Procedural and early clinical outcomes of patients with de novo coronary bifurcation lesions treated with the novel Nile PAX dedicated bifurcation polymer-free paclitaxel coated stents: results from the prospective, multicentre, non-randomised BIPAX clinical trial.

AIMS

To demonstrate the acute and early outcomes of the novel Nile PAX dedicated polymer-free paclitaxel-coated stents (Minvasys SAS, Gennevilliers, France) in the treatment of de novo coronary bifurcation lesions.

METHODS AND RESULTS

The Nile PAX device incorporates a cobalt-chromium alloy with a side aperture in the mid-stent designed to optimise scaffold at the bifurcation carina and side branch (SB) ostium, while maintaining SB access during procedure. From December 2008 to February 2010, 101 patients were prospectively enrolled in a non-randomised, multicentre study. Lesion criteria were: vessel size 2.5-3.5 mm in the parent vessel (PV) and 2.0-3.0 mm in the SB, and lesion length <14 mm in the PV, and <5 mm in the SB. Mean age was 63 years, 29% had diabetes, LAD/Dg was involved in 80.4%, and 61.7% had significant involvement of both branches.
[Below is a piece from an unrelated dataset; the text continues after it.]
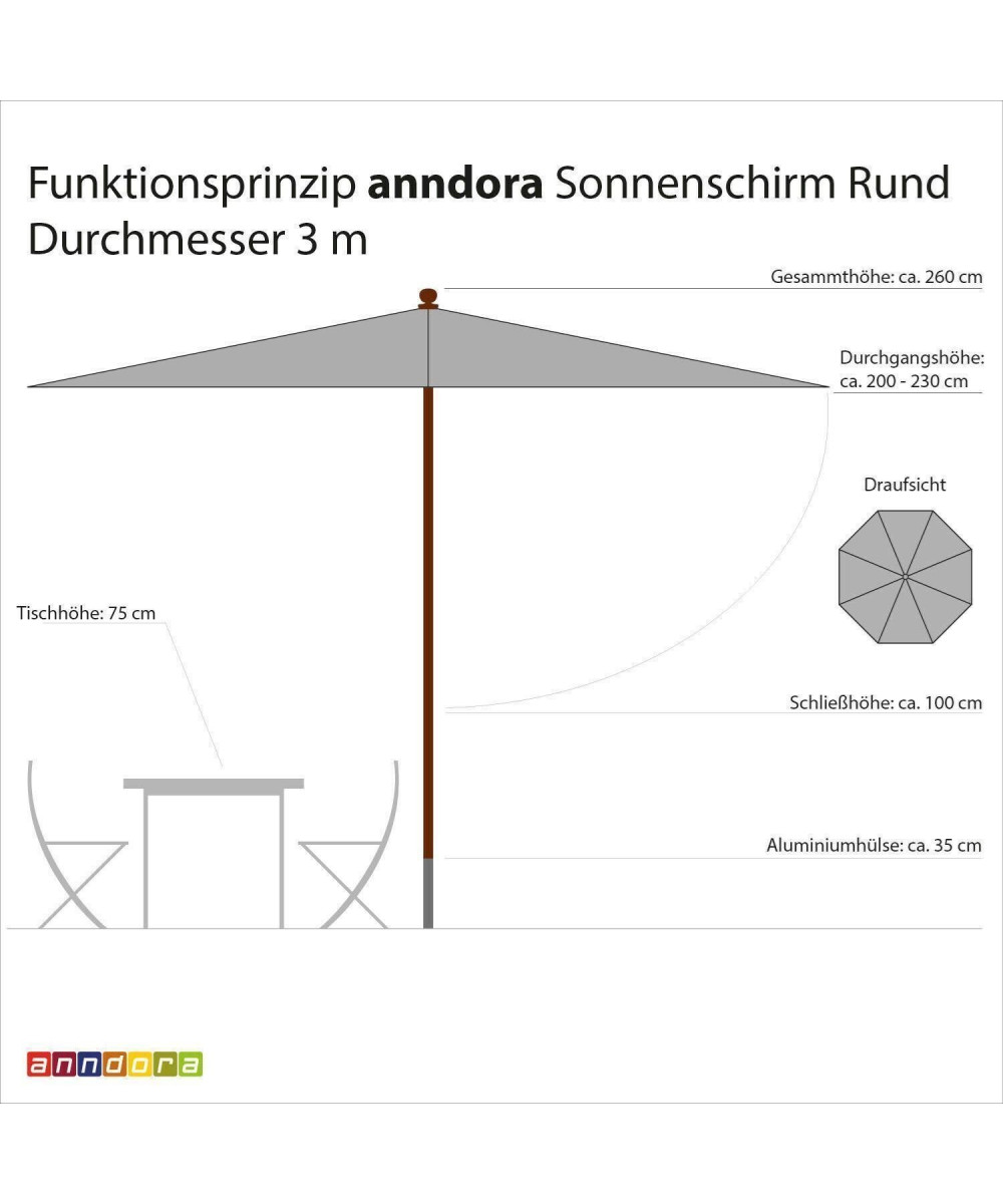 Produktbeschreibunganndora Sonnenschirm 3 m rundDer Sonnenschirm bietet Ihnen im Sommer ein schattiges Plätzchen auf Ihrer Terrasse oder im Garten.

The study stent was successfully attempted and implanted in 98%. SB received additional stent in 26% final kissing-balloon inflation was performed in 93% and lesion (angiographic) success was achieved in 98%. There was only one non-Q myocardial infarction during hospitalisation, and no additional events up to 30 days.

CONCLUSIONS

Preliminary results of the prospective, non-randomised, multicentre BIPAX clinical trial demonstrated encouraging results with the novel Nile PAX bifurcation DES in the treatment of coronary bifurcation lesions, including high device and procedural success. Overall, there was only one major adverse cardiac event during hospitalisation, with no additional events up to 30 days follow-up. Long-term follow-up is warranted.